Although very similar to the 400-kilobyte drive which newly replaced Apple's ill-fated Twiggy drive in the Lisa, there were subtle differences relating mainly to the eject mechanism. The drive case was designed to match the Macintosh and included the same 400-kilobyte drive (a Sony-made 3 + 1⁄ 2-inch single-sided mechanism) installed inside the Macintosh. Bill Fernandez was the project manager who oversaw the design and production of the drive. However, it did not actually ship until May 4, 1984, sixty days after Apple had promised it to dealers.

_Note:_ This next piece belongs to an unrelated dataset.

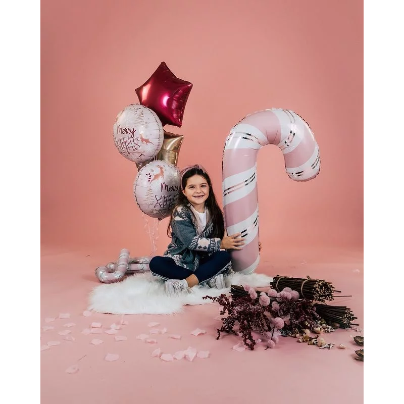 Шар (12''/30 см) Мини-фигура, Леденец трость, Розовый, 1 шт., G72095

The original Macintosh External Disk Drive (M0130) was introduced with the Macintosh on January 24, 1984. 3.3 Macintosh PowerBook 2400c Floppy Disk Drive.3.2 Macintosh HDI-20 External 1.4MB Floppy Disk Drive.

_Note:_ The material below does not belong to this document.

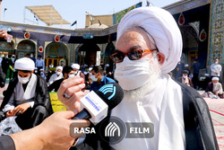 روحانیون و مردم قم در اعتراض به توهین نشریه فرانسوی به پیامبر اکرم (ص) در حرم مطهر حضرت معصومه (س) تجمع کردند.

Apple disk archive series#

Apple produced only one external 3 + 1⁄ 2-inch drive exclusively for use with the Apple II series called the Apple UniDisk 3.5. The Macintosh external drives were the first to widely introduce Sony's new 3 + 1⁄ 2-inch rigid disk standard commercially and throughout their product line. Though Apple had been producing external floppy disk drives prior to 1984, they were exclusively developed for the Apple II, III and Lisa computers using the industry standard 5 + 1⁄ 4-inch flexible disk format.

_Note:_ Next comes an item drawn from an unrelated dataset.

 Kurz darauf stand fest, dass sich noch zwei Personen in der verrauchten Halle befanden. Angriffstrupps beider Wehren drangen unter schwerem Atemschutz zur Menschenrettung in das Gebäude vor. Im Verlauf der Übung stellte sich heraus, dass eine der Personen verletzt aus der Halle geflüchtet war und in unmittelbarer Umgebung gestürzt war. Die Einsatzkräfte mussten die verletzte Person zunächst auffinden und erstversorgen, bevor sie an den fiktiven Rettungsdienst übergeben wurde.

apple disk archive apple disk archive

Later, Apple would unify their external drives to work cross-platform between the Macintosh and Apple II product lines, dropping the name "Macintosh" from the drives. You could do the scan process later, but I prefer to do it immediately, so the image'll be ready to go if I ever need it.The Macintosh External Disk Drive is the original model in a series of external 3 + 1⁄ 2-inch floppy disk drives manufactured and sold by Apple Computer exclusively for the Macintosh series of computers introduced in January 1984. Why "Scan Image for Restore"? So you can use Disk Utility's Restore feature to restore it to a disk later (or use the command-line asr tool to do the same thing). Including the empty space can cause trouble if you ever need to restore it to a smaller volume. It also makes the image just big enough for the files, since it doesn't include all the empty space in the original volume. if the original was bootable, you can restore the image and the result will be bootable). Why image "from Folder" rather than from the device? Because it creates a cleaner image (files all defragmented, etc) but preserves everything that matters (i.e. Once it's finished, choose Images > Scan Image for Restore, and have that process the newly-created image. In the save dialog, make sure Image Format is set to Compressed, and it's best to save it somewhere local (and copy it to the NAS afterward). In my experience, the best way to image an HFS+ volume is to mount it (note: don't try to image the volume you're running from at the time), open Disk Utility, choose File menu > New Image > Image from Folder, and select the top level of the volume as the "folder" to image.

Apple disk archive mac os#

There's also a fixed-size read-write format, and a read-only (uncompressed) format, which'll store the same thing, but take up more space for no good reason.Īll the versions you mention will be in HFS+ (aka Mac OS Extended) format. which is pretty irrelevant for archived systems. The sparse formats are useful for when you want the image to be able to expand later, when you add to them. For archival images, I'd use the "compressed" format (which I think you'd consider "fixed", but it's one of a number of fixed-size formats).